This is an interesting discussion and I hope you don’t mind me both chipping in and following. @dannyvankooten - you look like you’re WAY more into this than I am. But I’m currently working out this exact same thing on my (much smaller and probably less viable) Kownter project. In fact, one of the reasons I’m building it is to see what can be done without cookies.

Some kind of aggregate flow between pages as @da2x suggests is pretty much the thinking that I came to . I don’t need to see individual’s paths if I can see the aggregate drop-off as people move through the user journey. In this post I attempted to explain this, saying: “we can still report the ratio of conversions against page views.”

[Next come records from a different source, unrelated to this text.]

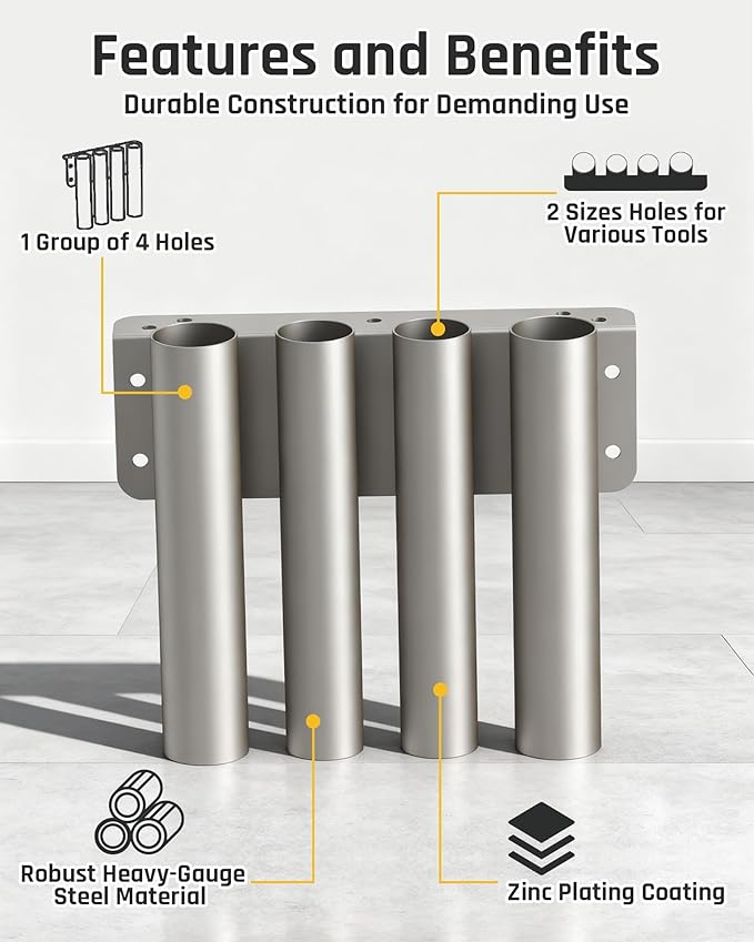 - SECURE TOOL STORAGE - Safely holds up to 8 long-handled tools like shovels, rakes, brooms, and hoes-preventing loss or accidents on the highway or road.
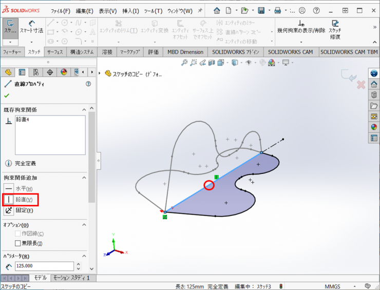 9.完全拘束されていないので、縦の直線をクリックして【鉛直】の拘束を付けます。
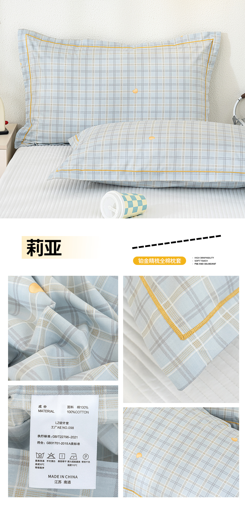 商品名称:良佐生活 2026新款40支铂金精梳全棉一字绣枕套 莉亚

OK, so there are probably some advanced cases where you want to know more than that but if you want that then you probably actually want GA, right?

I’ve also been wondering if it makes sense, is useful, and is performant enough (server-side) to store a cookie, but to recycle it on each visit. And, if you do this, is it any more private than just setting a cookie and leaving it there? I’m not sure it is.

I am not actually convinced that a session ID is personally identifiable as there’s no reverse-lookup. If you were storing a session ID alongside an IP address then that would be different. I know GDPR says something about web-tokens, but I think what you/we are doing here is way within the spirit of GDPR.

Interested to see how this progresses.